Structure-Based Virtual Screening in Oncology: Repurposing FDAApproved Drugs for Breast Cancer

Structure-based virtual screening (SBVS) has been recently established as a significant and fruitful computational method in drug repurposing, where drugs already approved by the FDA are screened for their potential therapeutic effects against breast cancer. This review lays down the principles of SBVS while broaching important computational programs such as molecular docking software, molecular dynamic simulation, and AI-driven predictive models. Databases of drug repositioning such as DrugBank, PubChem, and ChEMBL provide comprehensive datasets mandatory for virtual screening. The past few years have seen SBVS emerge as a tool for drug repurposing with exciting new candidates.
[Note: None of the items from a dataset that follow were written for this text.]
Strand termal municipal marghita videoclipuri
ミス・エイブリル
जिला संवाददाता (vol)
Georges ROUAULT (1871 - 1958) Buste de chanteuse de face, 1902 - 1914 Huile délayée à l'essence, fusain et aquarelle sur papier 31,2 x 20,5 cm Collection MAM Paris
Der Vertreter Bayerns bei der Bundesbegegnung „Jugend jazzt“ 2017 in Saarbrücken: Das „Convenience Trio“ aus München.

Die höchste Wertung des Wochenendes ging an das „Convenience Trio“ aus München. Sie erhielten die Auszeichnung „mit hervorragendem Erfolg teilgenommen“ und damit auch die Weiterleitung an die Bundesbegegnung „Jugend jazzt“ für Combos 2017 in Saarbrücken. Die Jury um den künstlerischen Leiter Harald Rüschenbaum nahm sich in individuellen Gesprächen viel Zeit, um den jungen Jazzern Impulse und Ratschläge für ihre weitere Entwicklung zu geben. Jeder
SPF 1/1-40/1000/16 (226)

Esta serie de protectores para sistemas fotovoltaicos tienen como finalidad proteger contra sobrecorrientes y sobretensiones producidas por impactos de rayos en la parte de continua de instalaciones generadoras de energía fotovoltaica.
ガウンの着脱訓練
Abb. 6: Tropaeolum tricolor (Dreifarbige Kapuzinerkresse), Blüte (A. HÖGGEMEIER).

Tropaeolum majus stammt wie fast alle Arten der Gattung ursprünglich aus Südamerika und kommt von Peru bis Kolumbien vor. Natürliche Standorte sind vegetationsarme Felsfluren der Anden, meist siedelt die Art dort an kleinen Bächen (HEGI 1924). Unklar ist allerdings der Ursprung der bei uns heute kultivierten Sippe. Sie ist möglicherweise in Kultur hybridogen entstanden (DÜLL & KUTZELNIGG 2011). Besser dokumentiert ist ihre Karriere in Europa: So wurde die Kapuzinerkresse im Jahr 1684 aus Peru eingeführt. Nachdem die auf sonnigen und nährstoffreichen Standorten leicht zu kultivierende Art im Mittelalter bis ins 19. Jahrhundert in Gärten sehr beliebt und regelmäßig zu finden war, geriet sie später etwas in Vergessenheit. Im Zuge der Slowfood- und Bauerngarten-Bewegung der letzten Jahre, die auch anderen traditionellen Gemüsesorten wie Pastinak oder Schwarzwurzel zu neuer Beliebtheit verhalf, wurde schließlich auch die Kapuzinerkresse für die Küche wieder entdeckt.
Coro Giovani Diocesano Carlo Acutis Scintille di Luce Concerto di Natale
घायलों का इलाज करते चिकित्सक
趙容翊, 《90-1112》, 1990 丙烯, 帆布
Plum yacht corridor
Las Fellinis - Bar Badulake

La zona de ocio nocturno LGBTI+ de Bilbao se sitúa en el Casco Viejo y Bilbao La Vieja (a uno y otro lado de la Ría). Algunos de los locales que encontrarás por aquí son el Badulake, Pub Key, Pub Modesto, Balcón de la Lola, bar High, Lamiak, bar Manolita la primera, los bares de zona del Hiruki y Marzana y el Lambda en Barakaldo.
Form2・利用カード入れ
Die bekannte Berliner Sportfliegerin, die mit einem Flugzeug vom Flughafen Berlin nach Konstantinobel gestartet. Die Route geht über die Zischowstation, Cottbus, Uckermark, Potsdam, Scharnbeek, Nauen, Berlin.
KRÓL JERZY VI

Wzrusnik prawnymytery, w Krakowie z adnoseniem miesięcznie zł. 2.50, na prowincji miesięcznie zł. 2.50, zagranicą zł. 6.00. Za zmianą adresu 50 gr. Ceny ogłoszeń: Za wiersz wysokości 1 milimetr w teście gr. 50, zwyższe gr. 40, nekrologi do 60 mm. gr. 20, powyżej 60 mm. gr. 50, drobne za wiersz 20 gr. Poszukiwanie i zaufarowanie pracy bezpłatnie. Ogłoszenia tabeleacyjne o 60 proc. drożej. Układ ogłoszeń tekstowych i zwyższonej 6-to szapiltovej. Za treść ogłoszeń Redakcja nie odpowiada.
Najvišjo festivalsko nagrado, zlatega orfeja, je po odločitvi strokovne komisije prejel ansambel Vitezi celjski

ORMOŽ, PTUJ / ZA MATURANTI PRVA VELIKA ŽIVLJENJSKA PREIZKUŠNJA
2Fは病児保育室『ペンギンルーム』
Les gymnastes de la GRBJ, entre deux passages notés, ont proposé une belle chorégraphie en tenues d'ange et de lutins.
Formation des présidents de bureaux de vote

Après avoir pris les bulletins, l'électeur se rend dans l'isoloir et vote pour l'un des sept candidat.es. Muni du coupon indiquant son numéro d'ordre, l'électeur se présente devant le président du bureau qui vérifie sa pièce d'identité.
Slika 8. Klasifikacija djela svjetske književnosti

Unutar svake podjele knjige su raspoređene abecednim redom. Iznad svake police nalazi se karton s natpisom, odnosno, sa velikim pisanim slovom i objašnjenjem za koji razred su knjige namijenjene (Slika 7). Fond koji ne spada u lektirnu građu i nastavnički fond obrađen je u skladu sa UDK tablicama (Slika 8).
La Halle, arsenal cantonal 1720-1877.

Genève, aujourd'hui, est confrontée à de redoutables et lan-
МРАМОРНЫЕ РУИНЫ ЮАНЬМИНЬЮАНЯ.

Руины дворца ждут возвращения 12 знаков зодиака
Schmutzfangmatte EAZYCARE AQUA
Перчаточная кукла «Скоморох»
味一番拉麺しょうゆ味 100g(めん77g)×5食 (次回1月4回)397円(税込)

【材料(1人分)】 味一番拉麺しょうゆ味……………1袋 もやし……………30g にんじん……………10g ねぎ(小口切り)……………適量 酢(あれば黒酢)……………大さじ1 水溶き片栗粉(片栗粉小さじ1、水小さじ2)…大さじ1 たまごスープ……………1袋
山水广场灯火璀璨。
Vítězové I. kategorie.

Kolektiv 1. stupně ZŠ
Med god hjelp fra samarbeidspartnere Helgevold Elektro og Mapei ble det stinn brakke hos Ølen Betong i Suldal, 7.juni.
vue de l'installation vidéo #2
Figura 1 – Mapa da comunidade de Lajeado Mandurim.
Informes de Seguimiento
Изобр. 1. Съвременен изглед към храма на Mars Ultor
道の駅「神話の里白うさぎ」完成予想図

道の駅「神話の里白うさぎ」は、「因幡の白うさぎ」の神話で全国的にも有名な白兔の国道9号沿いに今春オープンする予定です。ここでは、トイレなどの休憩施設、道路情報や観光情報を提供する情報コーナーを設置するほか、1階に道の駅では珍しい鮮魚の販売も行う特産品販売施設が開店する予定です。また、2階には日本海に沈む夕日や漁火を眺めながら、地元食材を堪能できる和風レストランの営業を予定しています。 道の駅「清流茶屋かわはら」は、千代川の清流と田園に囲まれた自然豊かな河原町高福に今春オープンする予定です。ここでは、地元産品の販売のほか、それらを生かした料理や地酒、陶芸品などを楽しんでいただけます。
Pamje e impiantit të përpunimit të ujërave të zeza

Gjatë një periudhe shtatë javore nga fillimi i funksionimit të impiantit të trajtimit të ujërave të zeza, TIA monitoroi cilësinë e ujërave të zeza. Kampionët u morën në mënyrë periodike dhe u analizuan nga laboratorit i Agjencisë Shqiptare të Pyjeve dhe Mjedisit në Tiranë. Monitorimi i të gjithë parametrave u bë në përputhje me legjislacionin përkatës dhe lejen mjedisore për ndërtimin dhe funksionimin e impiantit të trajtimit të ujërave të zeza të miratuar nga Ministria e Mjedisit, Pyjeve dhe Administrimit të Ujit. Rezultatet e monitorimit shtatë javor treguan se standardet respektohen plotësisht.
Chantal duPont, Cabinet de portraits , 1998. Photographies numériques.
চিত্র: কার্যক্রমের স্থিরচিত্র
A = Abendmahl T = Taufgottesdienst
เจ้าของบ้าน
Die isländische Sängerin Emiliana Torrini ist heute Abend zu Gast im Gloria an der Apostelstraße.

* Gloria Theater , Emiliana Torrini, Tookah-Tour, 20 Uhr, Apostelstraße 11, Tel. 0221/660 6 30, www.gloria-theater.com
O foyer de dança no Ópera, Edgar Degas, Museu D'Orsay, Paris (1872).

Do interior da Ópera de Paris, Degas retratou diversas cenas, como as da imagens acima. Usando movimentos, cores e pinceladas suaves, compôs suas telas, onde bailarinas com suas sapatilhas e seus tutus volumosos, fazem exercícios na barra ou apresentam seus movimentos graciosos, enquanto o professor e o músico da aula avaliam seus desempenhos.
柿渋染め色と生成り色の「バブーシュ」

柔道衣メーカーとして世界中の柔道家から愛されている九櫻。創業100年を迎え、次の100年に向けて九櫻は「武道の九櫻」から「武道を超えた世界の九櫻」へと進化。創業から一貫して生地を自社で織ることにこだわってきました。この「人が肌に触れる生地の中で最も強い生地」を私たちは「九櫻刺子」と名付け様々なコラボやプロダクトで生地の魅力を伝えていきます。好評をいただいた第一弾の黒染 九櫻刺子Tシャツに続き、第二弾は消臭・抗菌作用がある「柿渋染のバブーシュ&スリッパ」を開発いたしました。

Some of these are metformin, statins, NSAIDs, beta-blockers, and antidepressants, with anti-cancer activities reported through a plethora of mechanisms. However, accuracy limits, experimental validation, and regulatory hurdles impede clinical translation. The way forward envisions approaches integrating AI, multi-target drug strategies, and personalized medicine to enhance SBVS's suitability and reliability in oncology. Utilizing computational methods and an inter-disciplinary dynamic, drug repurposing with SBVS is anticipated to get very far and create a viable toolkit for breast cancer therapeutic discovery.